Totally activated T lymphocyte is charactered by expression of HLADR, which has mainly been regarded as a marker of activated T lymphocytes [25]. HLA-DR molecules play a vital role in the specific immune response to infection. We found that totally activated T lymphocyte of SA-AKI patients was lower than those of sepsis patients without AKI, and it is also a protective and predictive factor for SA-AKI. A previous study showed that HLADR expression on circulating T lymphocyte was reduced in patients with severe sepsis [26]. These data suggested that totally activated T lymphocyte may play a protective role in SA-AKI and may contribute to diagnosis of SA-AKI.
Regulatory T lymphocytes, which are mainly derived from thymus, are considered to be an indispensable part of the regulation of the immune system, and CD25 + is an important marker [27]. Moreover, CD69 + is an early activation marker and involved in the regulatory function of T lymphocyte.
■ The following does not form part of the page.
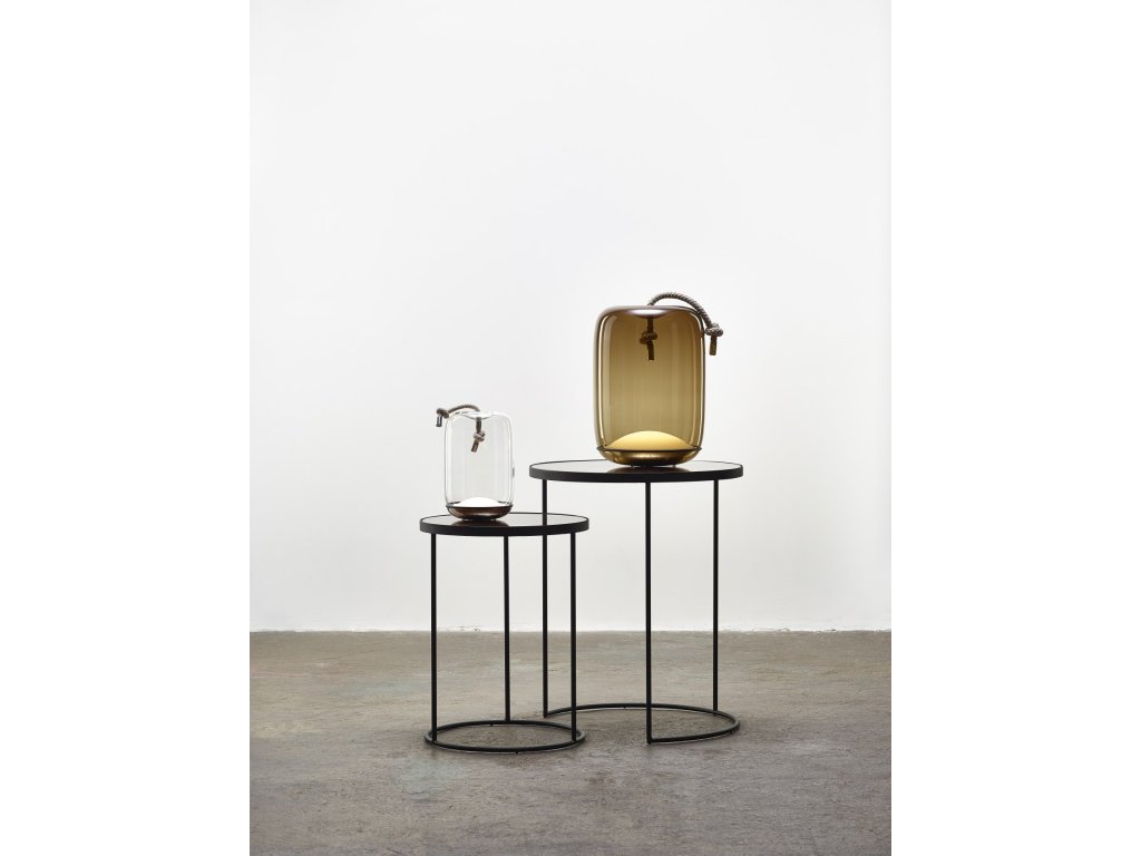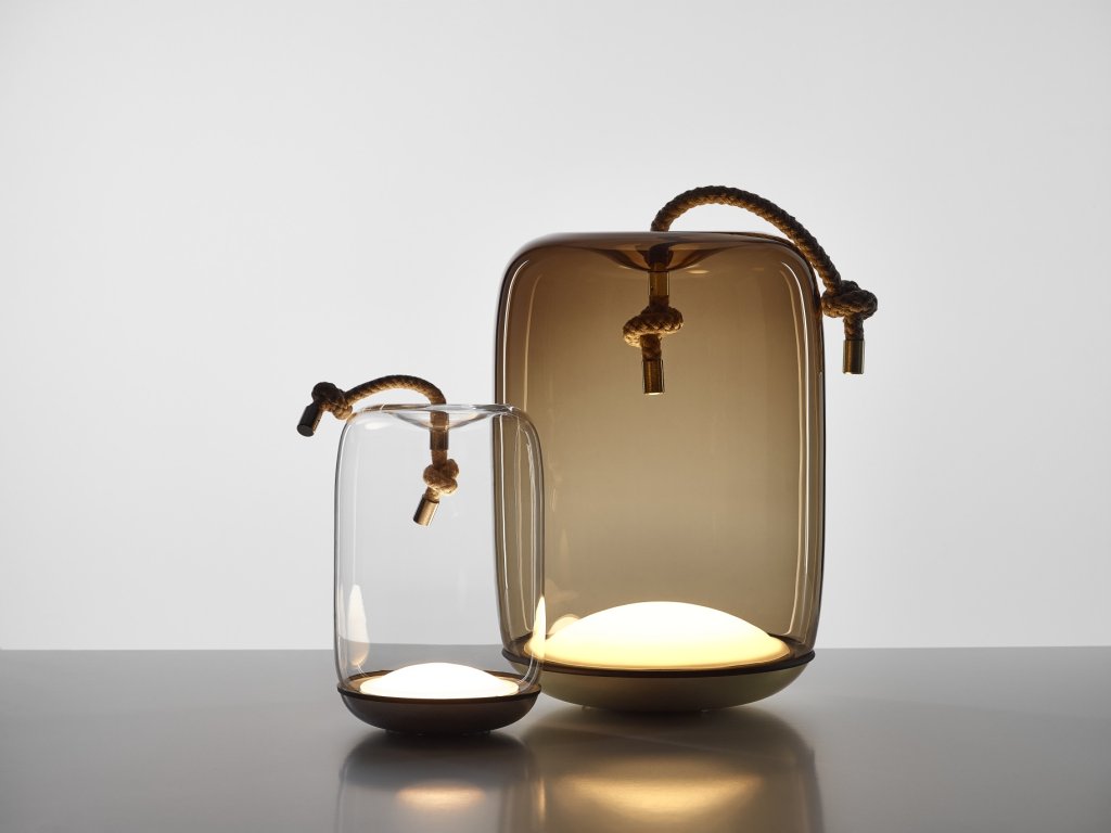 Kolekcia Knot spája dva odlišné materiály, dva odlišné princípy – mäkkosť oblých kriviek priezračného fúkaného skla a prísnosť vypnutého režného lana. Výsledný dizajn je prekvapivý, priamočiary a dôstojný zároveň.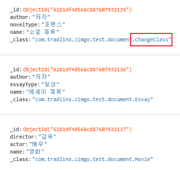 그래서 MongoDB에서 _class를 자식 클래스와 다르게 변경해보았다.

Therefore, early activated T lymphocyte (CD69 + T lymphocyte) considered to be a new subset of regulatory T lymphocytes [28]. It has been reported that CD25 + and CD69 + lymphocytes were significantly increased in sepsis [29]. One study showed that soluble CD25 is increased in patients with sepsis induced AKI [30]. But few studies have analyzed the relationship between CD69 + lymphocytes with AKI. Our study found that SA-AKI was not associated with CD25 + and CD69 + lymphocytes. Therefore, more studies are needed to investigate the roles of them in AKI.
Our study has certain limitations. Firstly, this was a retrospective study. Secondly, the relationship between AKI severity and T lymphocyte was not explored. Further studies should be carried out to explore these results.